### The problem
Starting at the line that contains "La salle polyvalente et la cuisine.", write out each line exactly through the last one in the material below, and nothing more; omit all pictures.

### Provided information
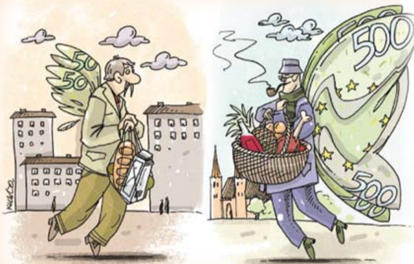
Caricatura: IDIS „Viitorul” și Institute of World Policy (IWP) din Ucraina

Salariul minim în țările Uniunii Europene este net superior celui din R. Moldova. Cu un salariu minim de 84 euro (1.560 de lei), R. Moldova este depășită inclusiv de țările UE cu cele mai mici salarii minime - Bulgaria cu 173 euro, România cu 190 euro. În șase țări din Europa, angajatorii nu pot plăti mai puțin de 1.200 euro lunar: Luxemburg - 1.921 de euro, Belgia - 1.501 euro, Olanda - 1.485 de euro, Irlanda - 1.461 euro, Franța - 1.445 de euro, Marea Britanie - 1.216 euro. Cu un salariu minim, un moldovean își poate cumpăra 1300 de ouă, un spaniol - 5570 de ouă, un austriac - 6890 de ouă.
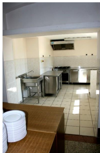
La salle polyvalente et la cuisine.

Salle pouvant accueillir environ 60 personnes. 12 tables de 1 m 83 X 0.60m à disposition et 70 chaises.
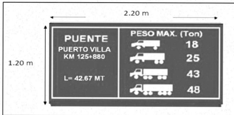
Imagen 01 – Acotación del panel informativo de puente

### Solution to the exercise
La salle polyvalente et la cuisine.

Salle pouvant accueillir environ 60 personnes. 12 tables de 1 m 83 X 0.60m à disposition et 70 chaises.
Imagen 01 – Acotación del panel informativo de puente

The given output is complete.